All models included one exogenous variable, racial status (White, Black or other), with three endogenous variables: highest grade achieved, health literacy score, PAM. We found a suggestive association, though not statistically significant, in the bivariate model between race and patient activation (path coefficient −0.129, SE 0.71, p = 0.068). With the addition of literacy score and highest grade achieved, we found significant path coefficients along the indirect pathway from race through literacy score to patient activation, though the direct path from race to patient activation was not significant. Both a significant negative effect between race and highest grade achieved and a significant positive effect between literacy score and highest grade achieved existed in most alternate models tested. These effects were not changed when models were tested with the addition of the covariates of age and PHQ9 score.

The best fit model included gender as an additional exogenous variable (Fig. 1) (χ2 = 1.801, p = 0.7723). In this model the indirect effect of gender through literacy score to PAM was examined while dropping the direct effect of gender on PAM. The indirect effect of race on literacy score was about two times the effect of gender on literacy score. Furthermore, the effect of literacy score on activation was about two times the effect of grade on activation although the effect of grade on PAM was not statistically significant. The indirect effects for this model are summarized in Table 2. Gender had a significant negative effect with PAM through literacy (indirect effect −0.047, SE = 0.020, p = 0.020). In addition race continued to have a negative indirect association with PAM through literacy score (indirect effect −0.139, SE = 0.036, p < 0.001).

Fig. 1.

Fig. 1

Best fit model. Coefficients are standardized path coefficients. For tests of significance of individual paths,*p < 0.01; **p < 0.001. Overall model fit: N = 225, χ2(df = 4) = 1.801, p = 0.7723, RMSEA = 0.000 (95% CI: 0.000,0.068).

Table 2.

Statistics for the indirect effects of the best fit model.

Path Indirect effect (SE) p-value
Black race through highest grade achieved −0.038 (0.028) 0.178
Black race through literacy score −0.101 (0.038) 0.008
Sum of indirect effects from black race to PAM 0.139 (0.036) <0.001
Other race through highest grade achieved −0.008 (0.009) 0.364
Other race through literacy score −0.024 (0.016) 0.134
Sum of indirect effects from other race to PAM −0.032 (0.019) 0.091
Male gender through literacy score 0.047 (0.020) 0.02
Sum of indirect effects male gender to PAM 0.047 (0.020) 0.02

To assess whether number of comorbidities would be an effect modifier, we stratified our best fit model according to the number of comorbidities, coded into a low category (0–1) and a high category (greater than 2). In the low comorbidity group, literacy no longer had a significant effect on PAM (path coefficient = 0.119, p = 0.18) while in the high comorbidity group, the effect size of literacy score on PAM approximately doubled and remained statistically significant (path coefficient = 0.420, p < 0.001). Other path coefficient sizes and directions were roughly similar between the two comorbidity groups. This suggests that the effect of literacy on PAM may be stronger among patients with two or more comorbidities.

4. Discussion and conclusion

4.1. Discussion

We demonstrated that racial disparities in patient activation are fully mediated by health literacy. Our data suggests that these relationships are particularly important for males and for people with a greater number of comorbidities, as these factors were found to be associated with larger patient activation deficits.

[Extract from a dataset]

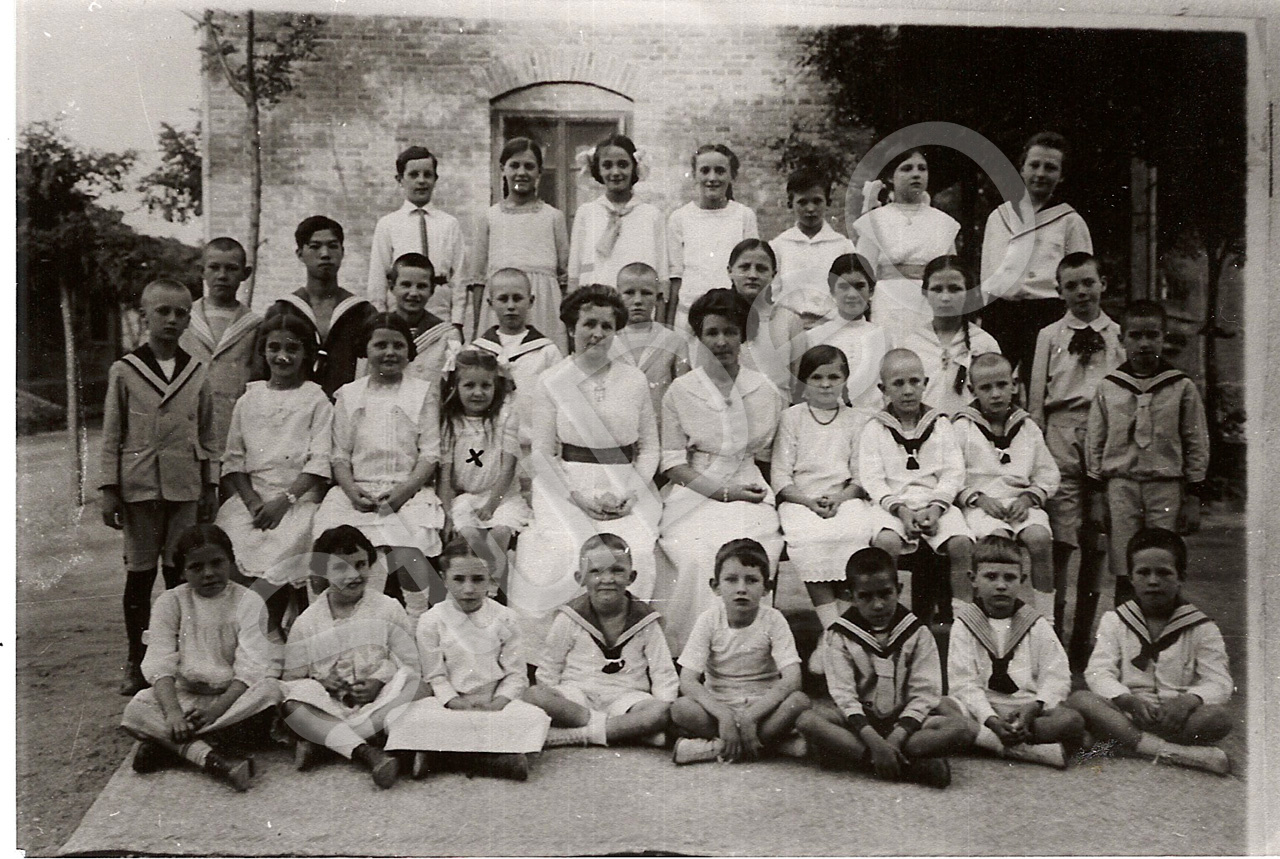 Beschreibung: Schüler der Deutsche Schule Peking, Schuljahr 1917/18. v.vorne li. n. re.: ?, Lilo Sterz, Klara Cordes, Hans Meier, Gustav Adolf Favorke, Ernst Cordes, Fredwin Pfeifer, Wilhelm “Bubi” Trendel, Gerhard Sauer, Mar­ga­rete Beinemann, Erika Lange, Ingeborg Herold, Frl. Lina Holland, Fr. Emma Arbs, Martha Hempel, Friedrich Quappe, Walter Quappe, Karli Cor­des, ?, Egon Hu, Fritz Modde, Emil Kröger, Hermann Kroeger, ?, Lot­te Cor­des, Hedwig Trendel, Karl Wilhelm Schmidt, Herbert Westphal, ?, Ilse Mothes, Lydia Rüscher, Hans Hellhoff, Olga Hempel, Gottfried Borkowetz.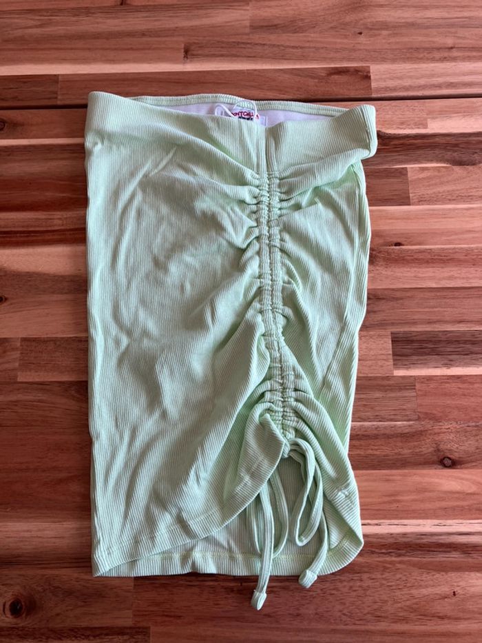 Jupe plissée avec lacet devant. Couleur vert clair.

We used path analyses to model complex, multilevel interactions between an array of different variables including race, gender, highest grade achieved, health literacy score, and Patient Activation Measure (PAM). Path analyses have been used to identify important mediators of racial differences in diabetes preventive care, adolescent substance use, attitudes toward mental health treatment, and HIV medication management [2023]. Path analysis has also been used to deconstruct the social cognitive factors related to racial differences in physical activity [24]. Finally, these methods have been used to confirm that health literacy was a mediator in racial disparities in diabetes-related medication adherence [25]. Given the complex interactions between race, gender, literacy, educational attainment, and patient activation, path analyses are well suited to elucidate any mediators in racial differences in patient activation.

Furthermore, the present study suggests that those with a greater burden of comorbidities are more adversely affected, with respect to patient activation, by lower health literacy than those with less or no comorbidities. One potential explanation for this observation is that with increased burden of illness, one’s role and engagement in personal health becomes more challenging. As one becomes more involved in their health, one needs to have a greater degree of health literacy to navigate the complexities of addressing their complex health. Thus, those who are sicker may not be able to keep up with this demand for greater literacy and thus become less engaged in their own health care.

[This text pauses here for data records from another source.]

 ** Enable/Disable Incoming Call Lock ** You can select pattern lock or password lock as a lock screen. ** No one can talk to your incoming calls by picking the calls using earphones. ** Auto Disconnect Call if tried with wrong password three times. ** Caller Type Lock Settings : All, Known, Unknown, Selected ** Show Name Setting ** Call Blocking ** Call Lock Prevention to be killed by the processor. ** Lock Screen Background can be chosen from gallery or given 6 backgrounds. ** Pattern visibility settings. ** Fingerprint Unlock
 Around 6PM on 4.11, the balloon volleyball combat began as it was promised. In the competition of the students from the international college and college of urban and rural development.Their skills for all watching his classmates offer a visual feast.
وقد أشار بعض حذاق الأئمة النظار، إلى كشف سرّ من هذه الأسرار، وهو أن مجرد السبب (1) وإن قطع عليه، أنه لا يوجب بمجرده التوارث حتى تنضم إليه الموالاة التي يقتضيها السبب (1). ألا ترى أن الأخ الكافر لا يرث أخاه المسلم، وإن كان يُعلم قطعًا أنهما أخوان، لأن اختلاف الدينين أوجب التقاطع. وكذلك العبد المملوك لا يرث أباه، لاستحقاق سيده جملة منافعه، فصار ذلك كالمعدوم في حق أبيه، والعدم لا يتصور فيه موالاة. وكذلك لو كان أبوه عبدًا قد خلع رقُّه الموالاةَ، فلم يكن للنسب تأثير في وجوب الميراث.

The concept of patient activation can also be viewed within the broader concept of self-efficacy. Self-efficacy theory asserts that “personal mastery expectations are the primary determinants of behavior change” and are influenced by past experiences and one's history of successes and failures [26]. Although some studies have found no relationship between literacy and self-efficacy, others have shown that levels of health literacy can impact self-efficacy [27,28]. Self-efficacy has been shown to be an independent, direct predictor of health status [13]. Path analysis has been used to show significant links between one’s knowledge and self-efficacy, with health literacy being indirectly related to self-efficacy through knowledge [13]. Self-efficacy has been defined as having an integral role in activation as well as in designing interventions to improve self-management behaviors [1,2].

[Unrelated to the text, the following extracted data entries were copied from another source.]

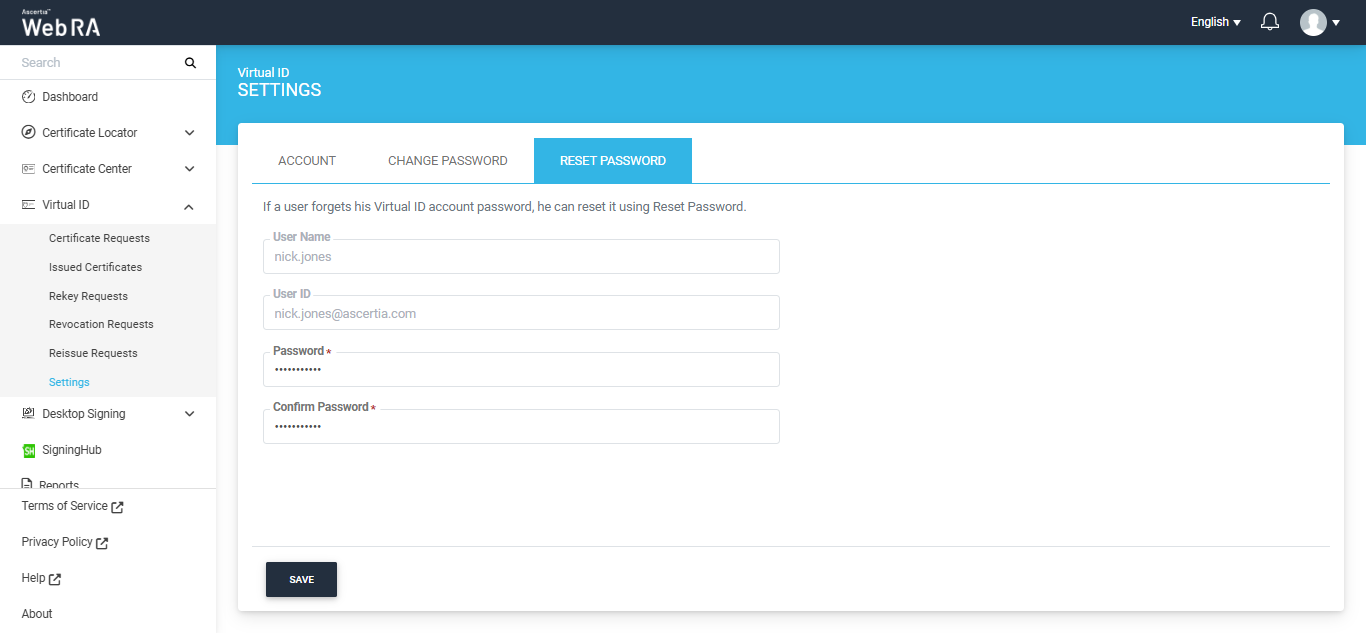 The system will not display the 'Change Password' and 'Reset Password' tabs in the settings page if the 'Enable Virtual ID Registration With Password' option is disabled in the RAS certification profile. |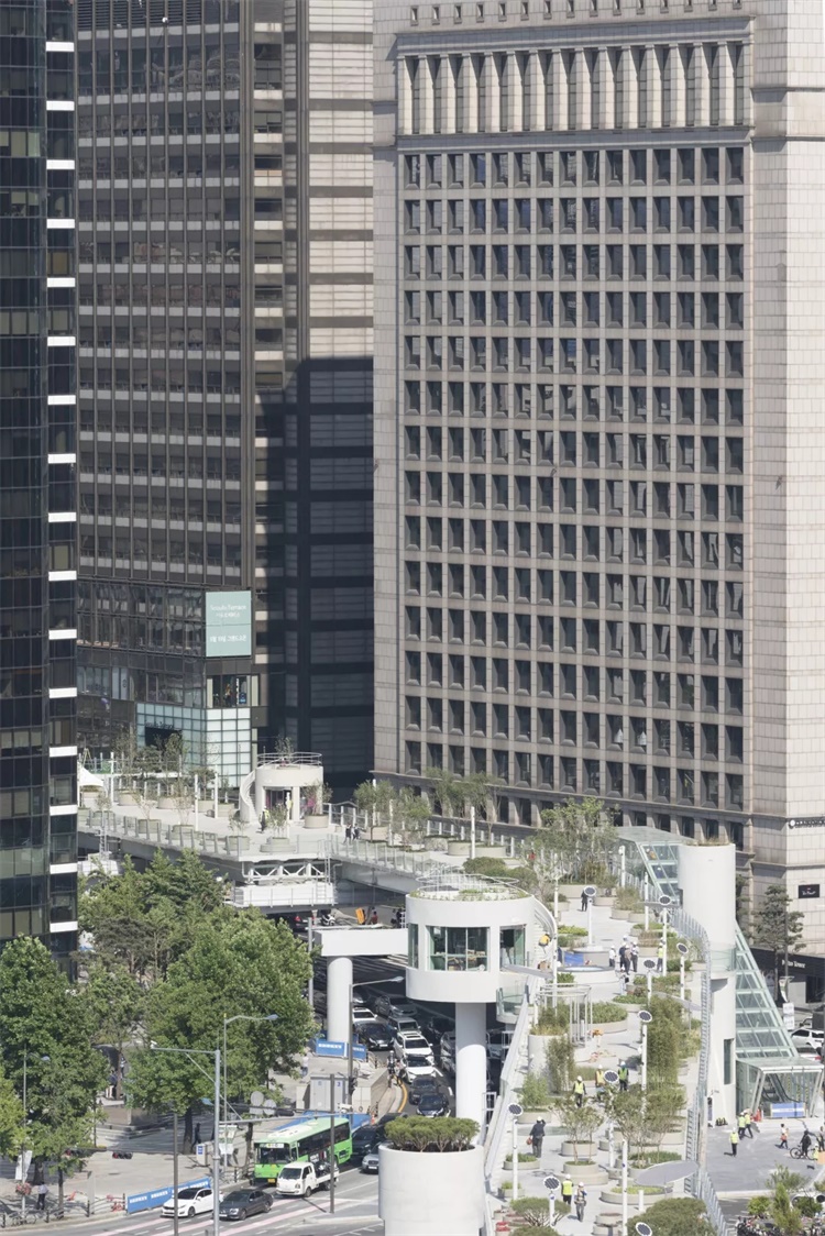 為了實(shí)現(xiàn)“綠色”目標(biāo),他們與一些植物研究所展開合作。在首爾空中花園項(xiàng)目中,他們擇取了200多個(gè)韓國(guó)本土品種的樹木,以生動(dòng)的植物百科形式,向公眾展示了韓國(guó)自然遺產(chǎn)的部分精華。MVRDV 的設(shè)計(jì)將這座老舊的公共設(shè)施改造為一座全新的綠色地標(biāo),期望未來作為催化劑推動(dòng)城市的綠化。在未來,隨著植物生長(zhǎng)更為繁茂、部分植物可遷居至城市其他角落,使得綠意從固定地點(diǎn)解放。Winy Maas 說,“所有植物被種植于不同大小和高度的盆栽,以不同科目來組織,通過韓文字母排序,形成別具一格的空間形態(tài)。”各種樓梯、電梯、人行橋、手扶梯等設(shè)施將空中花園與城市連接起來,與周邊的城市肌理形成彈性關(guān)系。夜幕降臨時(shí),空中花園將被藍(lán)色的燈光點(diǎn)亮,仿佛夜晚城市的一條河流。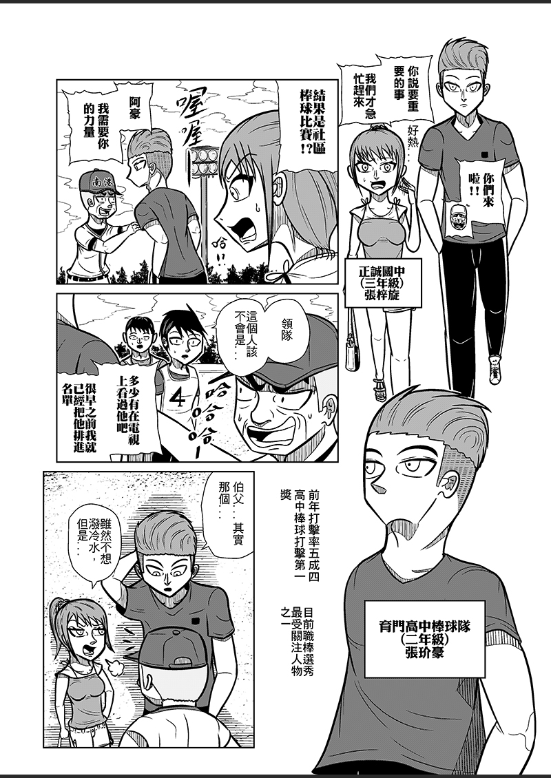張玠豪-育門高中二年級生,育門高中棒球隊主將,全國高中棒球受矚目新秀之一,個性單純認真對棒球不喜歡搞小手段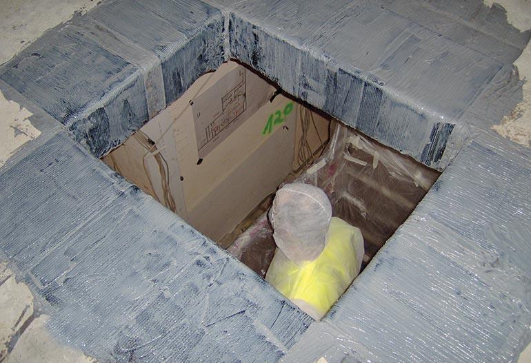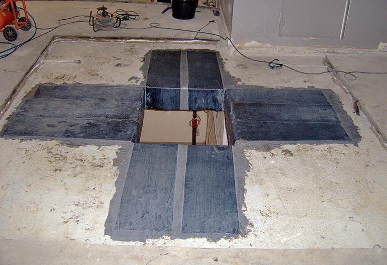 Fibrwrap Construction Deutschland was assigned the project to apply Carbon FRP at all sides of the opening at the top and the bottom of the slab. Overall 5 layers of FRP were applied with the dry application method according to the design.

The concepts of patient activation and self-efficacy are increasingly becoming pertinent to changes within the health care system. Higher levels of activation have been associated with lower health care costs and lower utilization of emergency departments and inpatient admissions [3,10]. Increasing activation may be an effective way of reducing racial and ethnic health disparities. Previous studies have shown that those with higher levels of activation have fewer problems with access to care and that conversely those with lower activation are less likely to engage in health promoting behaviors and to be passive regarding their health [7]. The present study suggests that one method for improving activation would be developing policies and interventions to improve health literacy. Effective health literacy interventions need to be embedded into care delivery structures. For example, a recent study showed that a literacy-sensitive, self-management teaching program led to improvement in patients with Chronic Obstructive Pulmonary Disease (COPD) [29]. Incorporation of disease-specific video and booklet educational media has been demonstrated to improve activation and patients with low health literacy may derive benefit from such interventions [30]. Other studies for such chronic conditions such as diabetes indicate that literacy-targeted interventions improved self-efficacy and outcomes [31,32]. Furthermore, the Affordable Care Act incorporated several new provisions to address health literacy including professional training and streamlining enrollment into Medicaid, the Children’s Health Insurance Program and the insurance exchanges [33].

Our data demonstrate that the mediating influence of health literacy on the relationship between race and patient activation is independent from the influence of educational attainment. As health reforms continue to require patients to be more actively engaged in their own care, removing unnecessary complexities from the health care system and designing a system that is favorable to those of all literacy levels will improve this sense of patient engagement. Higher patient activation has been linked to better clinical outcomes and engagement in healthier behaviors [5,6,9]. For example, higher patient activation has been associated with better medication adherence and glycemic control in diabetic patients [6]. However, all studies to date have been observational; interventions that evaluate if improvement in activation leads to improved outcomes are needed. Furthermore, our findings suggest that future interventions to improve activation risk worsening existing racial disparities if they are not sensitive to the impact of health literacy.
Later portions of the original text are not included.